— Я люблю во всем иметь компаньонов. Мы часто бываем вместе. Так что когда этот страховой агент пришел…
— Какой страховой агент?
— Я потребовал компенсации за багаж, поврежденный в аэропорту. Этот парень пришел как раз, когда Фанни была у меня, и влюбился в нее по уши — бамс! Прямо с ходу! Этакий громила, с обезьяньей челюстью. Говорит, что его выгнали из Гарварда, он там учился на администратора. Рожа желтая, весь потный. Ужас. Он похож на масляный фильтр, который надо было заменить пять тысяч миль назад.
— Да неужели?
— Ну, я стал подогревать его интерес к Фанни. Это было полезно для моей компенсации. Дал ли я ему ее телефон? Конечно, дал.
— С ее разрешения?
— Не думаю, чтобы она стала возражать. Ну, он позвонил ей и говорит: «Это Гэс звонит, крошка. Пойдем куда-нибудь, выпьем». Но трубку как раз снял ее муж, он же работает по ночам. И когда Гэс пришел ко мне на другой день, я сказал ему: «Слушай, парень, лучше б ты не связывался с ее мужем. От него всего можно ждать». А Гэс говорит на это…
«На этой линии, что ли, нет станции на Восемнадцатой улице? Вот наконец Двадцать третья и Двадцать четвертая. На Сорок седьмой пересадка на другую линию».
— А Гэс говорит: «Чего мне бояться? Глянь, у меня есть пистолет». И он вытащил из кармана пистолет. Я был изумлен. Но это был жалкий пистолет. Я сказал: «Эта штуковина? Да ею и телефонную книгу не прострелить». И не успел я опомниться, как он схватил телефонную книгу с проигрывателя, поставил и стал в нее целиться. Такой психованный сукин сын. Он был всего в трех шагах от нее, и он начал в нее палить. Шум поднял на весь дом. Я никогда в жизни не слышал такого грохота. Но я был прав. Пуля вошла только на два дюйма. Не прошла сквозь телефонную книгу Манхэттена.
— Да, жалкое оружие.
— Вы понимаете что-нибудь в оружии?
— Кое-что.
— Вообще-то ранить из этого пистолета можно. Но убить скорее всего нельзя, разве что стрелять прямо в голову, впритык. Ой, сколько психов вокруг.
— Да, немало.
— Но я таки получил около двух сотен компенсации, весь мой чемодан столько не стоил. Один хлам.
— Удачный бизнес.
— На следующий день Гэс приперся опять и потребовал, чтобы я написал ему рекомендательное письмо.
— Кому?
— Его начальству в страховой конторе.
На Девяносто шестой улице они вместе поднялись в бурлящий поток на Бродвее. Фефер пошел провожать Сэммлера до дверей.

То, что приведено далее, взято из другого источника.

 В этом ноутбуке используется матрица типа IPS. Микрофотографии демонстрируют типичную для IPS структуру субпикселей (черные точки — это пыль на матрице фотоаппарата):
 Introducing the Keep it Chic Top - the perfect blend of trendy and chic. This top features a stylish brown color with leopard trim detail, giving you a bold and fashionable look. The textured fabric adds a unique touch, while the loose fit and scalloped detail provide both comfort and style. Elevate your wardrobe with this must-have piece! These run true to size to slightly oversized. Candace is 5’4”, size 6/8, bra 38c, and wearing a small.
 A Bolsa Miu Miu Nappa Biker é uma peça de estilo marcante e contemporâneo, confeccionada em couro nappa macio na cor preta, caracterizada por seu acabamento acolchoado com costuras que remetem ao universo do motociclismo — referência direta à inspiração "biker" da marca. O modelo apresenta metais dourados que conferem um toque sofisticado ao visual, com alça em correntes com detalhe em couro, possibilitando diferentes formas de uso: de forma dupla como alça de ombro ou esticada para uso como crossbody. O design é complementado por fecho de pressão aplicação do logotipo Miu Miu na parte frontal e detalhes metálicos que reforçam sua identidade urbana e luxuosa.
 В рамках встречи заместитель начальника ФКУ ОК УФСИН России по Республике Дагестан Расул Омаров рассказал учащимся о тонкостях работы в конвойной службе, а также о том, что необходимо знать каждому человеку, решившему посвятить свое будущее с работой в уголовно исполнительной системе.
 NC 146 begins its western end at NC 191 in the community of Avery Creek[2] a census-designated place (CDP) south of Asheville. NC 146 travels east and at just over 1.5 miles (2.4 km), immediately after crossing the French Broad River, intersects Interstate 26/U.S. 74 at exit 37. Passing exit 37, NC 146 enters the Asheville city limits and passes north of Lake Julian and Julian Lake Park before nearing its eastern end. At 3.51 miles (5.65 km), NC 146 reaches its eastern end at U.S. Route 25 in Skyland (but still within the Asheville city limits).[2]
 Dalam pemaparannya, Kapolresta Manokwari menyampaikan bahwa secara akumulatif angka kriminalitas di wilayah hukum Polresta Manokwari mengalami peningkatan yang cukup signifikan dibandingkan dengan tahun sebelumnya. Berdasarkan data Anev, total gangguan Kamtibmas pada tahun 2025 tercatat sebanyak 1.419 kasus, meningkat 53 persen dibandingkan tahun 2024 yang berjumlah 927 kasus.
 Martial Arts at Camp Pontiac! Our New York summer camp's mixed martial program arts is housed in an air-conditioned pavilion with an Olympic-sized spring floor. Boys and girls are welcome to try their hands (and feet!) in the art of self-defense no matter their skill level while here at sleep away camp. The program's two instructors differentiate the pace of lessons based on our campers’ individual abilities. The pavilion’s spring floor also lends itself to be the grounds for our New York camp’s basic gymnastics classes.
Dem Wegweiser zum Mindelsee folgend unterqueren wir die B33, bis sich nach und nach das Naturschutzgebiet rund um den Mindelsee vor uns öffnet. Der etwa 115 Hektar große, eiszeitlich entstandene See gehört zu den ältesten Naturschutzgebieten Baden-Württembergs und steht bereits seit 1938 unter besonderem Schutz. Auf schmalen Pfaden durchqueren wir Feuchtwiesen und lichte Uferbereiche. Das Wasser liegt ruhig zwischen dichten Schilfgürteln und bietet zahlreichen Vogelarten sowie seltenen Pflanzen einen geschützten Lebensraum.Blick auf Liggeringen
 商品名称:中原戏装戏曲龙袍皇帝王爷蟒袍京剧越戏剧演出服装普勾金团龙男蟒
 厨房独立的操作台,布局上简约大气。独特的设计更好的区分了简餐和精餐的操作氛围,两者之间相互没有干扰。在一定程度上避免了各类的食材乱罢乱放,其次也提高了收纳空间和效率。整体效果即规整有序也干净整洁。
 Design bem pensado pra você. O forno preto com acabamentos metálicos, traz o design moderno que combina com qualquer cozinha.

— Если вам нужна моя помощь…
— Я не приглашаю вас подняться, Лайонел. Честно говоря, я не очень хорошо себя чувствую.
— Это из-за весны. Я хотел сказать, перемена погоды, — сказал Фефер, — даже в молодости ее трудно перенести.
И вот наконец Сэммлер в лифте, вытаскивает йельский ключ из кошелька. Он протиснулся в прихожую. В честь весны Марго поставила нарциссы в мэзонские кувшины. Он тут же опрокинул один кувшин. Пришлось принести рулон бумажных полотенец из кухни, попутно убедившись, что племянницы нет дома. Промокая расплескавшуюся воду, следя за тем, как бумага, темнея, впитывает влагу, он присел на диван, покрытый цветастыми платками, поставил телефон на подлокотник и набрал номер Шулы. Никто не ответил. Может, она отключила телефон. Сэммлер уже несколько дней ее не видел. Теперь, после кражи, она вполне могла начать прятаться. А если Эйзен действительно приехал в Нью-Йорк, у нее были дополнительные причины для затворничества. Хотя Сэммлер не мог поверить, что Эйзен и впрямь намерен был приставать к Шуле. У него была другая рыбка для жарки, другое железо для ковки (как старик Сэммлер обожал подобные словечки!).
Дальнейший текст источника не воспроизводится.